The line could just as easily have been sung by Young, who throughout his career has shown a willingness to cut things loose and make new starts. He was born in Toronto, where he was a folk singer in the early '60s before moving to the States. Although he came of age as a man and a musician during a chaotic era, he claims that times are tougher now: "It was a breeze in the '60s to grow up, compared to [the '90s]. The '60s were so open-ended. The dream was still there, the no-matter-what- you-could-make-it feeling. Kids today feel, 'No matter what, I'm probably not going to make it.'"
Young's 1972 album, Harvest, was one of his biggest, earliest solo hits, featuring the No. 1 song Heart of Gold. In 1979, working with the band Crazy Horse, Young released Live Rust, a commanding concert album that's among the finest ever made.
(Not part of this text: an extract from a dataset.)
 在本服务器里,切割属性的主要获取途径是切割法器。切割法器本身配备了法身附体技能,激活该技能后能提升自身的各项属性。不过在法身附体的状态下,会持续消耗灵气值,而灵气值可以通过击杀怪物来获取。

Since then he has drifted through many styles, from the cold, synthesizer-laden Trans (1982) through the bland blues-bar rock of This Note's for You (1988) to the sublime country pop of Harvest Moon (1992). His songs are at once rawly personal and poetically empathetic. He never follows trends, only his gut. "I just play what I feel like playing," he says, "and every once in a while I'll wake up and feel like playing something else."
Young revels in affable irascibility. He gives few interviews and says he won't talk to Rolling Stone anymore because of its perfumed ads: "I don't like the way the magazine smells." He makes no apologies for comments he made in the '80s expressing support for President Reagan's arms buildup: "I say what I believe in at the time. It may not be the same in four years." Now he's an advocate of Pearl Jam's effort to boycott Ticketmaster, the ticket-distribution service, in protest against its high prices. "Even if Pearl Jam fails, it doesn't matter," he says. "At least they've solidified their bond with the audience."
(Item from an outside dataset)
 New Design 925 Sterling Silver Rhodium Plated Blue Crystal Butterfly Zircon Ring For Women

Young and his second wife Pegi live in soothing isolation on a ranch near San Francisco, a few miles from Silicon Valley. Their 16-year-old son Ben has cerebral palsy, and Young, who is fascinated by technology, has started a company that makes devices for the disabled, as well as high-tech toys. The firm is working on an improved wheelchair that Young helped design. Ben tests every device his dad's company makes. Says Young proudly: "He's a cool guy."
So the ride continues. Driving along the treacherous, twisting mountain roads, Young keeps talking and gesticulating. He scarcely pays attention to the road or the traffic. He never has.